PressPass: What are your impressions, as a newcomer to the online industry, of how well online companies embrace branding today? And how would you characterize the MSN brand?

Boulware: Any company that doesn’t want its product to become strictly a commodity — just another brand of white bread — needs to come up with a unique position in the marketplace. Their brand needs to define the experience the product offers. Too many online businesses focus on the delivery of features and products, not on the promise of the overall brand. They tend to emphasize the rational and not the emotional. Consumers are still very hungry for an online services brand that they understand and can relate to. We hope to be that brand.
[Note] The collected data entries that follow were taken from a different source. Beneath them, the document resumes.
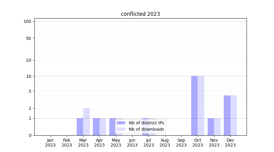 Number of downloads for workflow package conflicted, year by year, from 2025 back to 2015 (years with no downloads are omitted):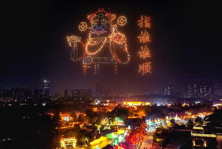 11日喜庆过小年。武汉园博园花灯会游人如织,仰望夜空有大戏:千台无人机在空中为大家送上新春祝福画卷。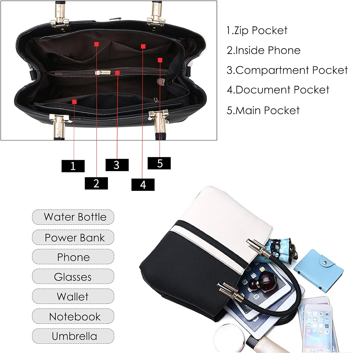 - 💗Gut organisierte Struktur: insgesamt 6 Taschen. Das Design mit 2 Hauptfächern hält alle Ihre Sachen ordentlich und ordentlich. Zusätzliche 2 Steckfächer und 1 Reissverschlussfach innen erleichtern den Zugriff für Ihre Gadgets oder Schlüssel.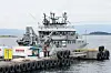 VAKTA HAMNA: Under Tysnesfest-isj var Kystvakta i kjend stil til stades for å hjelpa politiet med å passa på båttrafikken i Våge hamn. Skipet deira, KV «Tor», er her avbilda ved kaien i Våge, der dei låg frå torsdag til søndag. Foto: Erlend Skorpetveit Aga.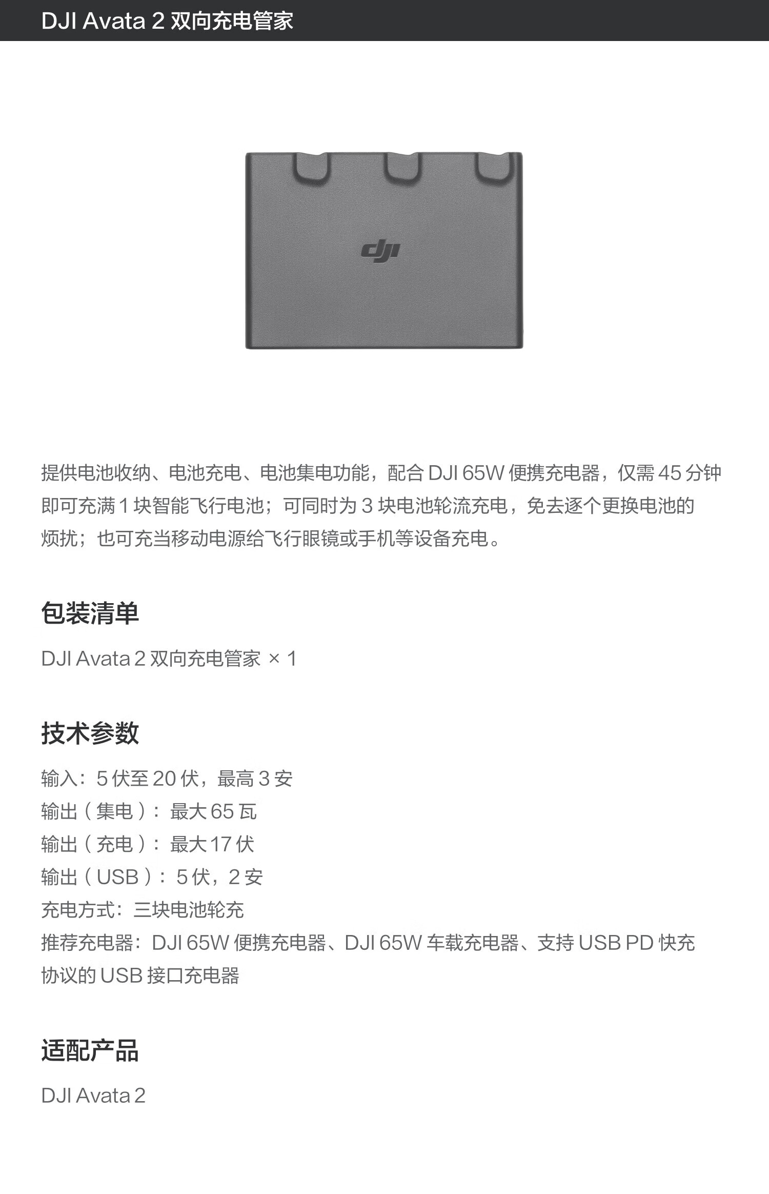 大疆DJI Avata 2 双向充电管家 DJI Avata 2配件 大疆无人机配件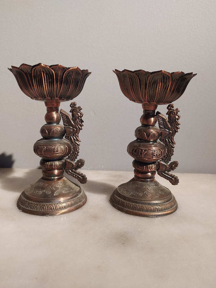 Koyu altın renkli, detaylı desenlere sahip dekoratif mumluk çifti, her ortama şıklık katar. ️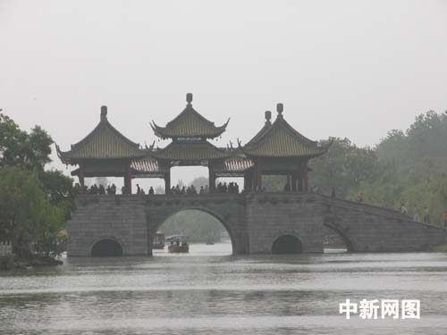 五亭桥:五亭桥是瘦西湖的标志,在全国园林中有一席之地。其最大的特点是阴柔阳刚的完美结合,南秀北雄的有机融和。该桥建于莲花堤上,是清乾隆22年(1757年)巡盐御史高恒所建,形状象一朵莲花,古称“莲花桥”。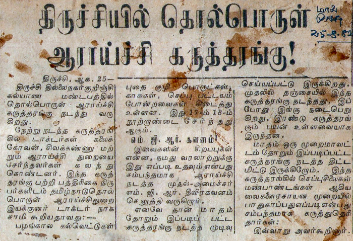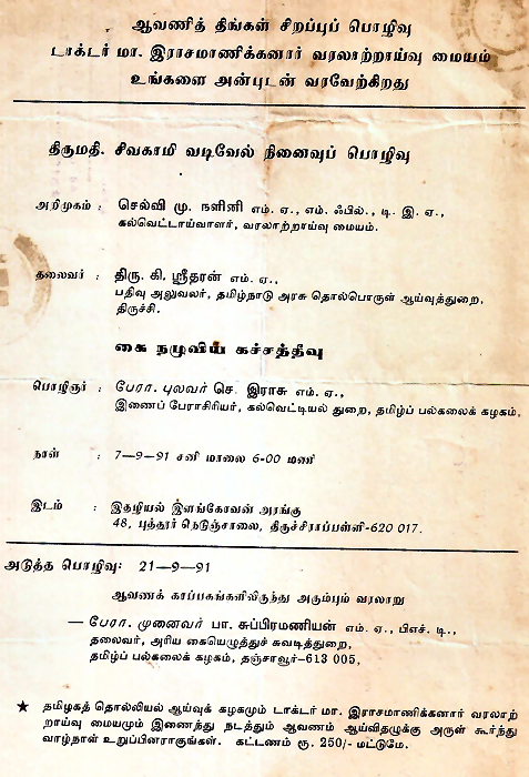 முதன்முதலில் தஞ்சைப் பகுதியில் தொல்லியல் கள ஆய்வினை மேற்கொண்டபோதுதான் மருத்துவர் இரா.கலைக்கோவன் அவர்களது வரலாற்றாய்வுப் பணிகள் பற்றி அறியும் வாய்ப்புக் கிடைத்த து. என்றாலும் நேரில் சந்திக்க இயலவில்லை. தொல்லியல்துறை 1976-80 ஆண்டுகளில் மாவட்டங்கள் தோறும் கருத்தரங்குகள் மற்றும் வரலாற்றுக் கண்காட்சிகளை நடத்தியது. இதில் திருச்சி மாவட்டத்தில் ஏற்பாடு செய்யப்பட்ட கருத்தரங்கு தில்லைநகர் குறிஞ்சி திருமண மண்டபத்தில் நடைபெற்றது. அப்போதுதான் முதன்முறையாக அவரைச் சந்தித்தேன். திருச்சியில் பதிவு அலுவலராகப் பணியாற்றிய திரு.அப்துல் மஜீத் (மேனாள் தொல்லியல்துறை இயக்குனர்) அவர்களின் வழி இந்த அறிமுகம் கிடைத்தது. சிறிது நேரம் உரையாடியதாக ஞாபகம். ![]() கருத்தரங்கு பற்றிய செய்தி அந்தக் காலகட்டத்தில் அமுதசுரபி, கலைமகள் போன்ற இதழ்களின் தீபாவளி மலர்களில் வரலாறு சார்ந்த கட்டுரைகளை நான் எழுதுவது வழக்கம். அதே இதழ்களில் திரு.கலைக்கோவன் அவர்களின் கட்டுரைகளும் வெளிவரும். எனது கட்டுரைகளைப் படித்துப் பாராட்டுவார். இன்னும் நிறைய எழுதுங்கள் என்று உற்சாகப்படுத்துவார். தில்லை நகரில் உள்ள அவரது இல்லத்தில் அப்போது மாதந்தோறும் சொற்பொழிவுகள் நடக்கும். ஒரு முறை அந்தப் பொழிவுத் தொடரில் ‘வரலாறு காட்டும் திருக்கோயில் திருப்பணிகள்’ என்ற தலைப்பில் உரையாற்றினேன். பின்னர் டாக்டர்.மா.இராசமாணிக்கனார் வரலாற்று மையம் இயங்கிய மருத்துவமனை வளாகத்திலும் பல அறிஞர்கள் சொற்பொழிவாற்றியுள்ளனர். 7.09.1991 அன்று ‘கை நழுவிய கச்சத்தீவு’ என்ற தலைப்பில் தமிழ்ப்பல்கலைக்கழகப் பேராசிரியர் புலவர் செ.இராசு அவர்கள் உரையாற்றினார்கள். அந்நிகழ்ச்சிக்கு நான் தலைமை தாங்கினேன். ![]() மைய சொற்பொழிவு அழைப்பிதழ் 1984ல் தஞ்சையில் பதிவு அலுவலராகப் பணியாற்றிக்கொண்டிருந்தேன். அப்போது டாக்டரும் மைய ஆய்வாளர்களும் பழையாறையில் உள்ள பள்ளிப்படைக் கோயிலை ஆய்வு செய்யச் சென்றபோது நானும் உடன்செல்லும் வாய்ப்புக் கிடைத்தது. அந்த ஆய்வுப் பயணம் அனைவருக்குமே பயனுடைய பயணமாய் அமைந்தது. திருச்சி வானொலி நிலையத்தாருக்காக தஞ்சைப் பெருவுடையார் திருக்கோயில் பற்றி மைய ஆய்வாளர்களால் ‘உரைச்சித்திரம்’ தயாரிக்கப்பட்ட பொழுது நானும் உடனிருந்து விவாதங்களில் பங்குபெற்றதும் நினைவில் உள்ளது. அதே வானொலியில் ‘கோயில்கள் வளர்த்த கலைகள்’ என்கிற தலைப்பில் அறிஞர்களில் தொடர் உரைகள் ஒலிபரப்பப்பட்டபோது ‘இசைக்கலை’ பற்றிய உரையை நான் தயாரித்தளித்தேன். என்னுடைய உரையை டாக்டர். கலைக்கோவன் செம்மைப்படுத்தித் தந்து உதவினார். எனது இந்த இசைக்கலை உரையின் சிறப்பைத் தனது எழில் கொஞ்சும் எறும்பியூர் 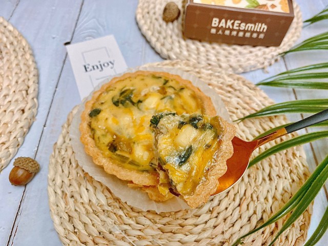 菠菜乳酪塔使用乳酪丁雙色乳酪絲,營養滿點的菠菜搭配雙色起司絲,再淋上蛋奶汁,簡單卻經典!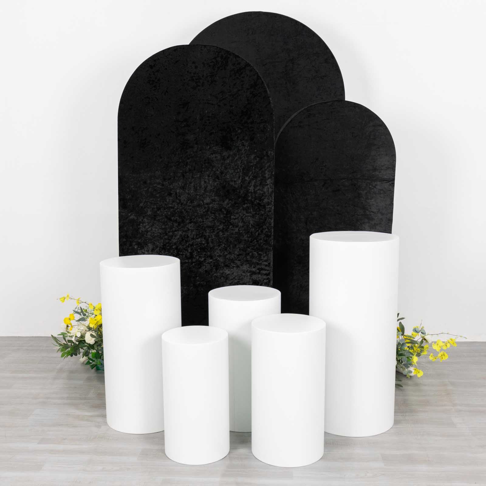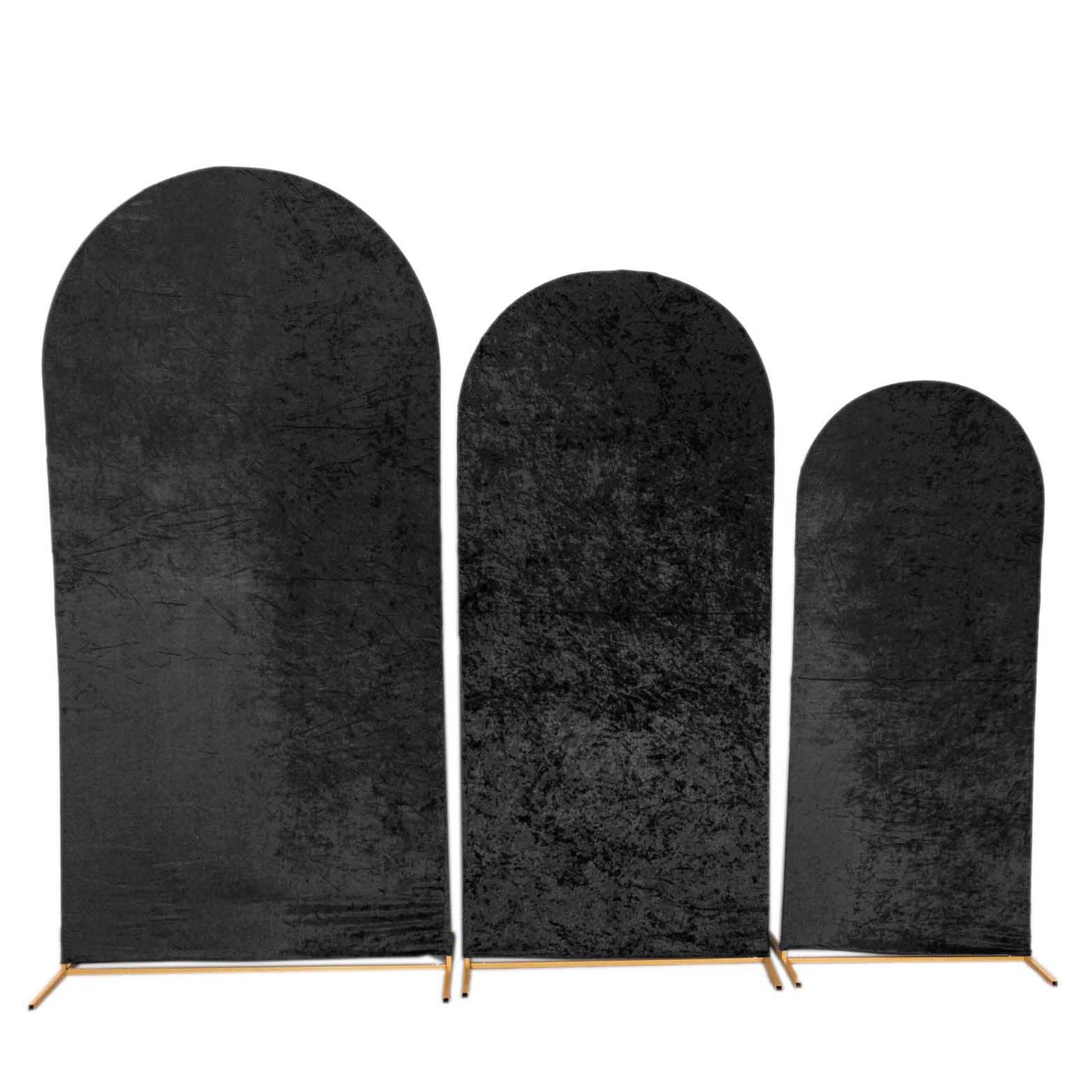 Set of 3 Black Crushed Velvet Chiara Backdrop Stand Covers For Round Top Wedding Arches - 5ft, 6ft, 7ft

When I think of MSN, I think of the power and convenience of its individual brands — Hotmail, Messenger and the other services. We want to take the value of these individual brands and combine them to create a larger, overarching value statement — to create a brand that is larger than the sum of its parts.

PressPass: Let’s jump ahead five years. What do you expect the average consumer’s image of MSN to be?

Boulware: I can’t tell you what MSN’s positioning will be. We need to listen to our target audience and then translate that into products and features.

But five years from now — or, hopefully, sooner — I hope our target audience has a razor sharp sense of what MSN stands for and delivers — not only in terms of its individual services — but as a larger brand. And, just as importantly, I hope our target audience identifies with and embraces the experience this brand delivers.